A inicio de los dosmiles, la reacción en cadena vino con el Papi Chulo de Lorna, La Gasolina de Daddy Yankee y el Atrévete-te-te de Calle 13. Tego Calderón, Don Omar, fueron también nombres fuertes. Hoy sus exponentes son ya incontables, a lo ancho de diversos países de habla hispana, entre los que destacan los colombianos J Balvin y Maluma. Históricamente, a Bad Bunny (Benito Martínez) le ha tocado ser el exponente más exitoso, como cosecha del hype gradualmente acumulado, no sólo en Latinoamérica sino en Estados Unidos, sin dejar de cantar/rapear en español.
¿Por qué genera encono en unos y pasión en otros? Se trata de un encontronazo de criterios entre lo que “debiera” ser la música para jóvenes, según los criados con los guitarrazos de los años 90, y el gozo de los más morros que ven en el reggaetón más un vínculo generacional que hace enojar a sus mayores, que un mero ritmo. Aunque sus detractores tachen al género de misógino (mucho de él sí lo es), sus fans (feministas incluidas) lo defienden porque es el vehículo por el cual les tocó oír hablar de sexualidad de forma más inmediata (en el caso de Bad Bunny, alegan que es menos violento que otros en sus letras, en el sentido del sometimiento, y que va más por la seducción, el cachondeo), y porque es un buen pretexto para la cercanía en el baile y el toqueteo atrevido, el encendido de la calentura. Otro punto que defienden sus seguidores woke/progresistas es que despreciarlo sería clasista, pues el ritmo y sus exponentes “vienen del pueblo”.
Aquí es donde sus detractores enfocan mal su argumento y acuden al criterio (ellos sí) clasista, de élite cultural o educativa (lo cual es ya una falacia: hace mucho que gusta a las clases media y alta); se parapetan llamándolo vulgar o machista, siendo que el machismo está en casi todas las expresiones; no es privativo del reggaetón. Si se pudiera hablar de alguna “carencia” (lo cual es subjetivo), acaso sería sobre su precariedad técnica, su ritmo machacante y repetitivo, sin embargo, tal rasgo también lo tienen el dance, la banda, el disco o la cumbia, por ejemplo. Con todo, el error básico en su descalificación está en que se espera más de él, de lo que realmente es, en vista de que ocupa el espacio masivo que por muchos años ha ocupado el rock, sin ver que el reggaetón es simple música pop para divertirse. No tiene más pretensiones que lo inmediato: el goce, la piel. Es absurdo compararlo con el rock, pues juegan en distintas canchas. Ahí es donde llega otro revés equivocado: con desconocimiento de la historia, sus defensores dicen injustamente que el rock es machista por definición, extrayendo frases aisladas, borrando todos sus contextos históricos.

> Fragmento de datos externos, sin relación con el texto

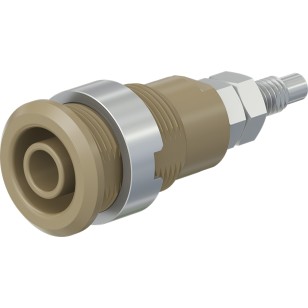Insulated, rigid, Ø 4 mm, accepting spring-loaded Ø 4 mm plugs with rigid insulating sleeve. Machined brass. The socket is screwed into pre-drilled panels of plastic, metal, etc.Connection: Threaded bolt M4 and soldering hole.

El encontronazo no parará hasta que ambos “bandos” comprendan las razones y contextos del contrario para gustar del rock o del reggaetón, ambas válidas. Que los mayores dejen de emplear criterios caducos para descalificar un fenómeno popular más lúdico que intelectual, y que los jóvenes se ilustren más sobre el valor de músicas precedentes y tampoco crean que es el primer género que desafía los criterios establecidos.